● Exercise material:
'''

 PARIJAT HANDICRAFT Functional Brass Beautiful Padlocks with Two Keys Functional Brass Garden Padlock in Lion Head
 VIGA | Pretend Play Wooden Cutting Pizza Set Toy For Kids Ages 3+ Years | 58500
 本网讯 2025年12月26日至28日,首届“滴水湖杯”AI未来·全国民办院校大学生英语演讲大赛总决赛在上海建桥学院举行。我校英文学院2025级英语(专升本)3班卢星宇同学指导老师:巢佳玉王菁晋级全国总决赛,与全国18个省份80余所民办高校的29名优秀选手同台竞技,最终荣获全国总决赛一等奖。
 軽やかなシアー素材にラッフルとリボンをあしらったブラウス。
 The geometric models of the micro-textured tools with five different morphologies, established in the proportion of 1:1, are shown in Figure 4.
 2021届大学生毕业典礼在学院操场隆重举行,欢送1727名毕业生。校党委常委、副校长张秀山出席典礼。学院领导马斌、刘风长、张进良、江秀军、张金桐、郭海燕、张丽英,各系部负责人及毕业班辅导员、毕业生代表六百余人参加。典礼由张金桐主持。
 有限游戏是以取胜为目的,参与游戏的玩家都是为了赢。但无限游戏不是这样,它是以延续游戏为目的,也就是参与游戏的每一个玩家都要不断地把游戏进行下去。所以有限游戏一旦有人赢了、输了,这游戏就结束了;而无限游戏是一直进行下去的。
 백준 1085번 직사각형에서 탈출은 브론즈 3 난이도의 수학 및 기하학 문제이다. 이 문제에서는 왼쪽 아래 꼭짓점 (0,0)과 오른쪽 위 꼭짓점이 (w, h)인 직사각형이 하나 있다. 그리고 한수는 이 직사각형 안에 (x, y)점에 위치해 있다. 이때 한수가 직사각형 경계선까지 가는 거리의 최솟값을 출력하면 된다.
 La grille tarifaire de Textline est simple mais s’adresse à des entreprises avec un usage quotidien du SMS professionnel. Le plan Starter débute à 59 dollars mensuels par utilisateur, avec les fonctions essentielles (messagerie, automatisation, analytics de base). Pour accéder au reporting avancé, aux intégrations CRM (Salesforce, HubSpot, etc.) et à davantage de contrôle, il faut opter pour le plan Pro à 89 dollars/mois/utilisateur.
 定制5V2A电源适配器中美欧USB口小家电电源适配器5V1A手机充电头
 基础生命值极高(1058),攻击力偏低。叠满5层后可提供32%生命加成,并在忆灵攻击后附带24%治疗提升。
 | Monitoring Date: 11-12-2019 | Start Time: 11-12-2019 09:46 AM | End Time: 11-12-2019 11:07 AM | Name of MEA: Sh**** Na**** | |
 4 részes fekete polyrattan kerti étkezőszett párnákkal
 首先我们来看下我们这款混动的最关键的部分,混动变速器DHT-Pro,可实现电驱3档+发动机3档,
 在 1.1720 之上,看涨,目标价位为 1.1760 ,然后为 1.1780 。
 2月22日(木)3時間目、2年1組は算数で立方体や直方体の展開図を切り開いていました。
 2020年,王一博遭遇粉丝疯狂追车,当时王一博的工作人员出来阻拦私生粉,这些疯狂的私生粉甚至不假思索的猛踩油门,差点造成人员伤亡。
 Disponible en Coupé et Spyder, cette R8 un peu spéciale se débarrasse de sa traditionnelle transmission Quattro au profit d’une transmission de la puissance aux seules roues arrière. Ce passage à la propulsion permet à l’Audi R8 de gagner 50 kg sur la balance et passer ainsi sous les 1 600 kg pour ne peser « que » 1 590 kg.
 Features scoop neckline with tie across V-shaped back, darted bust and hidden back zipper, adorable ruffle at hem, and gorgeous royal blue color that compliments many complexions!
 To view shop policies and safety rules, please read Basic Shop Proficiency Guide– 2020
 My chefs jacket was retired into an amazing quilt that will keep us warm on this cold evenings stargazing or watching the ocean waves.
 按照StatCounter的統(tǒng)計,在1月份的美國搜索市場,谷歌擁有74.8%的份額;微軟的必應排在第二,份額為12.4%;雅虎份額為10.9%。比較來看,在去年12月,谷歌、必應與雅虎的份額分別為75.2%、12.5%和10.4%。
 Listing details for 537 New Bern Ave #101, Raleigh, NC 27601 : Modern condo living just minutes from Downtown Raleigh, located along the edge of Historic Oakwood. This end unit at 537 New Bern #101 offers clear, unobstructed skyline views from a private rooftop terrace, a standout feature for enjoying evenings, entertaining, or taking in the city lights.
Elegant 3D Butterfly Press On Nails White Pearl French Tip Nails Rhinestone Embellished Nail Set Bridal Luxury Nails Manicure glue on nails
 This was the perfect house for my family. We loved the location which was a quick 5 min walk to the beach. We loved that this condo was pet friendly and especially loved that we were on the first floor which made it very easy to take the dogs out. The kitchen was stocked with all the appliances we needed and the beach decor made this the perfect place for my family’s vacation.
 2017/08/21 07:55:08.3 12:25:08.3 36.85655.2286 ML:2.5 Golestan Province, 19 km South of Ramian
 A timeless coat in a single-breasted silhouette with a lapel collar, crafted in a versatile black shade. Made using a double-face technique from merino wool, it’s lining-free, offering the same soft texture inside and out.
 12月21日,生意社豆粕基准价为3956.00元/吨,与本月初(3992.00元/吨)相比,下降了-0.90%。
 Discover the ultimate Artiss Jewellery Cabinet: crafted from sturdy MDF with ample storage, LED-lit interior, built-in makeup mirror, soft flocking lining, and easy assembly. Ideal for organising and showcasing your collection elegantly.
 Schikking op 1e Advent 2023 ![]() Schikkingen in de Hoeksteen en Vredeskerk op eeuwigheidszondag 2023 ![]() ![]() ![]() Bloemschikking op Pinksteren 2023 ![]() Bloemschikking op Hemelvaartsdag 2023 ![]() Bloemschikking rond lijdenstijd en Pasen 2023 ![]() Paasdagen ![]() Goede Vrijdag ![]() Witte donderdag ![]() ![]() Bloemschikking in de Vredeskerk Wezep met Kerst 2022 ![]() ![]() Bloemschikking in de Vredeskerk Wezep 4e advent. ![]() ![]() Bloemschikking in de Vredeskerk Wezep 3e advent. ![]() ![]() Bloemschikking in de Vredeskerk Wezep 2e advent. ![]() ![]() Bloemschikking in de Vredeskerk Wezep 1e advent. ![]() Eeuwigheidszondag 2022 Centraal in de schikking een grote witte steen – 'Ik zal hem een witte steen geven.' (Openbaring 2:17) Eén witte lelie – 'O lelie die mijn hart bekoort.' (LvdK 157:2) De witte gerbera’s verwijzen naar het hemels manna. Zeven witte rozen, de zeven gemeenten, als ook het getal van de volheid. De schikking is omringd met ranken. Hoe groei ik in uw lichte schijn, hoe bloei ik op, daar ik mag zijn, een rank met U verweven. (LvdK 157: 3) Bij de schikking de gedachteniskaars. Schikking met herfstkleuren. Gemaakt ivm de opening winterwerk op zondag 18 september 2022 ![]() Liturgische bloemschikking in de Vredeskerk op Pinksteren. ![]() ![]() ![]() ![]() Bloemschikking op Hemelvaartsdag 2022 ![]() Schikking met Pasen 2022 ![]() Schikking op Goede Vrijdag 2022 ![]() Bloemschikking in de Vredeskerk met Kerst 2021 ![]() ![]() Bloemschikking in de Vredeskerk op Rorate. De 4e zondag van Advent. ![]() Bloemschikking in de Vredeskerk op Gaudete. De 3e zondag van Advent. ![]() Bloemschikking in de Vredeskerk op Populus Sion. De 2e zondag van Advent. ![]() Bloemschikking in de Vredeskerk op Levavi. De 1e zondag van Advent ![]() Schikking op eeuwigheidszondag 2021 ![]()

'''

● The problem: Copy each line in the entries above where "crafted" turns up.

● Solution for this problem:
 A timeless coat in a single-breasted silhouette with a lapel collar, crafted in a versatile black shade. Made using a double-face technique from merino wool, it’s lining-free, offering the same soft texture inside and out.
 Discover the ultimate Artiss Jewellery Cabinet: crafted from sturdy MDF with ample storage, LED-lit interior, built-in makeup mirror, soft flocking lining, and easy assembly. Ideal for organising and showcasing your collection elegantly.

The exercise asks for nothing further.